Written and Submitted by Carly Fabian
Corporations have been making bogeymen out of disclosure requirements for 88 years. The sky hasn’t fallen yet.
In 1934, Joe Kennedy, the first chair of the Securities and Exchange Commission (SEC), defended the new agency in a speech to the Boston Chamber of Commerce. Speaking to the group that had fought tooth and nail against the creation of the SEC, Kennedy reminded the Chamber that industry had a habit of exaggerating the harm of regulation and disclosure requirements: banks had once claimed the Federal Reserve would “destroy”
banking, and railroad tycoons had once claimed that the Interstate Commerce Act would turn railroads into “streaks of rust.”
American corporations and their trade groups need a similar reminder today.
The SEC’s recent proposed rule on climate-related disclosures is an obvious move given the significance of climate-related developments to individual firms and whole markets. Yet, critics have wasted no time in describing the rule as an unconstitutional part of the agenda to “destroy the extractive industries.”
If these criticisms sound both hyperbolic and familiar, it’s because we’ve heard them before. While trade groups like the Chamber of Commerce justify their criticisms by claiming the SEC is deviating from its mission, hyperbolic criticisms of financial disclosure requirements are older than the SEC itself.
When national disclosure requirements were first proposed in 1933 and 1934 after the 1929 stock exchange crash, the proposed requirements were met with opposition from what was described at the time as one of the largest lobby groups in history.
In response to the proposed regulations, the president of the New York Stock Exchange, Richard Whitney, rapidly organized a coalition of corporations to oppose what became the Securities Exchange Act of 1934. Despite the stock market crash wiping out billions of dollars and triggering the Great Depression, Whitney’s coalition didn’t hesitate to deflect the blame, claiming that it was proposed disclosure requirements, not reckless Wall Street gambling, that would “destroy” the American economy.(1)
The main players and their criticisms feel familiar today: the Chamber of Commerce claimed the SEC would require a company to “sign away its constitutional rights.” Mining companies claimed it would kill jobs.(2) Oil and petrochemical companies claimed it would produce expensive and useless information for investors.(3)
And the opposition didn’t hold back on hyperbole: banks warned that “nowhere else in the world, nor at any time, has there ever been an attempt made to impose so great a hazard on the conduct of business.”(4) Republicans claimed that the move was designed to “Russianize” industry. “Lenin and Trotsky,” they claimed, “never envisioned such far-reaching possibilities for strangulation.”(5)
Thankfully, these criticisms, some of which could be copied word for word from a modern U.S. Chamber of Commerce press release, were not enough to dissuade FDR and other New Deal advocates for financial regulation. The SEC is now considered essential to the function of capital markets, and even its harshest early critics describe it as the “global gold standard” for financial regulation.

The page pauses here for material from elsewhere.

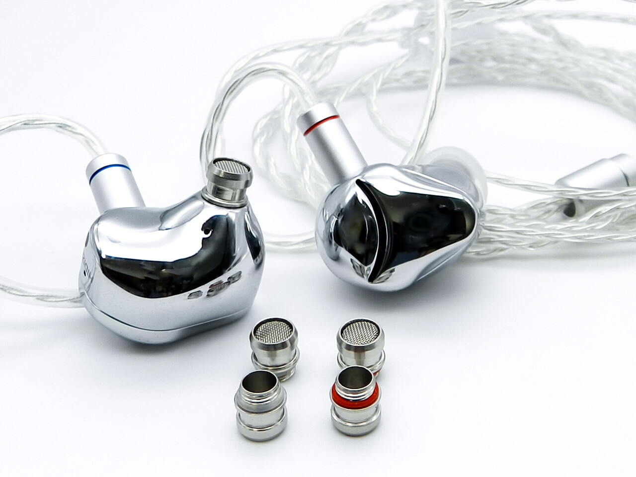 また「HIDIZS MK10 ArcSonics」は100ドル以下のモデルながら3種類のノズルフィルターを備えています。標準では「低域」強調の黒リングが装着済みで、他に「高域」強調の白リング、「ボーカル」タイプの赤リングのフィルターが同梱されます。どのフィルターもハーマンターゲットカーブ(H-2019)に準拠したサウンドデザインで調整され、中高域~高域に変化を与えます。

As Public Citizen highlighted in a previous report, this process has repeated itself time and time again. After the collapse of Enron and Worldcom in the early 2000s, the President of the Chamber of Commerce at the time, Tom Donahue claimed that disclosure requirements proposed in the Sarbanes-Oxley Act would “hand American corporations back to the trial lawyers for summary execution.” A few years later, when Donohue was asked about the Sarbanes-Oxley Act he said “Fair enough. A lot of it was well worth doing.”(6)
As criticisms of climate disclosure requirements continue to emerge, grand claims about the SEC’s overreach should be put in the context of 88 years of extreme claims from corporate opponents of sound market rules.
While some companies may be nervous about the prospect of providing climate disclosures, they are increasingly becoming the norm. More than 2,000 companies reviewed by the SEC already disclose some climate-related information, including around 90% of companies in the S&P 500. Moreover, more than 600 of the world’s largest publicly traded companies have made commitments to reach net-zero greenhouse gas (GHG) emissions by 2050, suggesting that these companies are committing to, at the very least, internally measure their GHG emissions.
Both the proliferation of voluntary climate disclosures and the lessons learned from past disclosure fights suggest that the climate disclosure requirements that are decried as “destructive” today will come to be seen by most of the industry as obvious and necessary tomorrow.
The most strident critics of the SEC climate rule—fossil fuel companies—are exceptions to this rule.
Republicans have warned that if fossil fuel companies are forced to disclose their emissions and climate-related risks, the disclosures will steer capital away from the fossil fuel industry.
If past disclosure fights are any indication, those who doth protest too much may have something to hide: Richard Whitney, the leading opponent of the Securities Exchange Act, turned out to be a financial fraudster and was later convicted of embezzlement. The fossil fuel industry, which has lied for decades to stave off regulatory responses to its lethal business, might be equally right to fear the disinfectant powers of sunlight.
If fossil fuel companies are worried, they should make sure that their supposed climate commitments are reflected internally—and remember the warning of the first SEC Chair: “The Commission will destroy nothing in our business life that is worth preserving.”